» **Task description**: Would you please repeat all of the data exactly, omitting the pictures?

» **Given data**:
━━━━━━

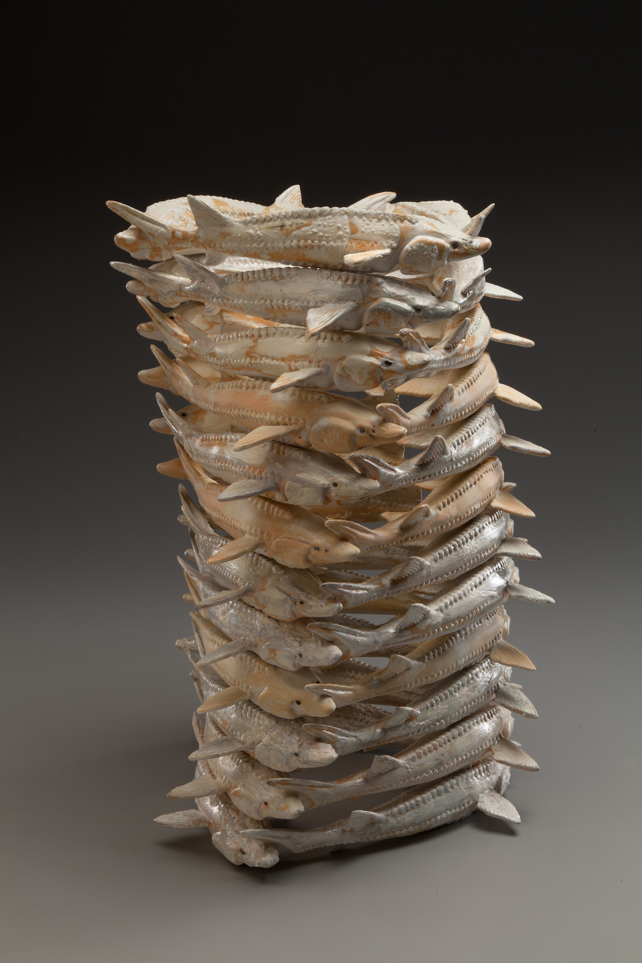 “Circling” is a gravity-defying stacked spiral of sturgeon, the irregular surface a perfect example of the ranges capable of salt-fired porcelain. The fish may be standing still, yet they could just as easily be moving, spiraling through air as if water.
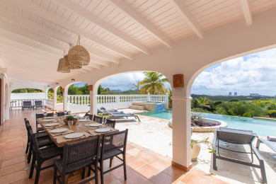 La villa séduit par ses volumes généreux et son ambiance chaleureuse, inspirée d’une élégance méditerranéenne subtilement mêlée au charme tropical.
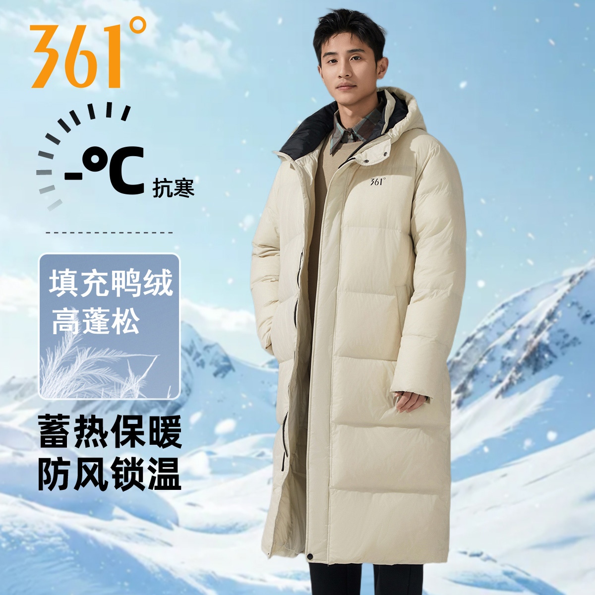 新款 2025冬季 鸭绒保暖棉服防寒加厚外套 运动羽绒服男士 安踏中长款

━━━━━━

» **Written answer**:
 “Circling” is a gravity-defying stacked spiral of sturgeon, the irregular surface a perfect example of the ranges capable of salt-fired porcelain. The fish may be standing still, yet they could just as easily be moving, spiraling through air as if water.
 La villa séduit par ses volumes généreux et son ambiance chaleureuse, inspirée d’une élégance méditerranéenne subtilement mêlée au charme tropical.
 新款 2025冬季 鸭绒保暖棉服防寒加厚外套 运动羽绒服男士 安踏中长款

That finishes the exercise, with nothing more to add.